Discovery-Inspection of Documents-Privilege Alternative Claim.Appeal from Hawkins, J., in chambers, dismissing plaintiff's appeal from an order of the district registrar refusing inspection of certain documents. An action for possession of certain property in Birmingham was brought by plaintiff against defendants, as executors of the widow of J. Ryland, the plaintiff's younger brother, who died in 1867, his widow keeping possession under an alleged will, as to which the plaintiff asserted that the widow stated to him that its provisions constituted her tenant for life with reversions to plaintiff and others. Thereupon the plaintiff did not make any claim till the widow's death, when his claim was alternative-as heir-at-law or reversioner under the alleged will. The defendants contended that: (1) the plaintiff was barred by the Statute of Limitations; (2) that the widow as devisee in fee, and not as life tenant under her husband's will, had devised the property to other parties. The plaintiff replied that the statute did not run by reason of the widow's fraud respecting the contents of the will. On plaintiff's application for inspection of the copy of T. Ryland's will disclosed in defendants' first affidavit of documents, privilege was claimed for it, and a further affidavit was made by defendants substantially in the form approved of in Minet v. Morgan (28 L. T. Rep. N. S. 573; 8 Ch. App. 361). The plaintiff contended that, notwithstanding the second affidavit, the first and the pleadings showed that the copy of the will supported the plaintiff's case, either by establishing his title as reversioner or supporting his allegation of fraud. The defendants contended that, as the plaintiff could only succeed by the strength of his own title, and as their defence had disclosed the provisions of the will, inspection could not help him; for (1) if the will constituted the widow owner in fee it could not avail him as regards fraud, for he would have no better; and (2) if he were heir-at-law production of a copy of the will could not avail to prove his brother's intestacy: Minet v. Morgan (ubi sup.) and Attorney-General v. Emerson (48 L. T. Rep. N. S. 18; 10 Q. B. Div. 191) referred to: (Ryland v. Hipkiss and another. Q. B. Div.: Wills and Grantham, JJ. May 23.)-Counsel: for plaintiff, Leslie; for defendants, T. Willes; Chitty. Solicitors: for plaintiff, Goldberg and Langdon; for defendants, Sharpe, Parkers, Pritchard, and Sharpe.
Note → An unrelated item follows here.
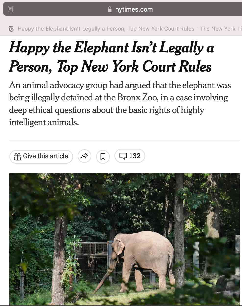 Another case in point: A human rights group called the Nonhuman Rights Group recently sued the Bronx Zoo for its unlawful detention of Happy the Elephant. According to the NRG, elephants are legal persons and have the right of habeas corpus. Though the NRG lost its lawsuit, the courts took it seriously, and legal scholars are increasingly open to animals having “human rights.”

Discovery-Interrogatories-Deposit-When Deposit may be dispensed with-Order XXXI., r. 25. This was an appeal from a decision of Hawkins, J., in chambers, allowing an appeal from an order of Master Archibald made under Order XXXI., r. 25, dispensing with the deposits payable under rule 26 of the same order. The action was for the sum of £1032, arrears of income under an agreement made in 1874. The application to the master was made on the ground of the poverty of the plaintiff, and the affidavits in support of the application accounted for the delay in prosecuting the action on the ground of the extreme poverty of the plaintiffs. A previous action had been delayed by the same cause, and was subsequently consolidated with the present one. Second Sheet.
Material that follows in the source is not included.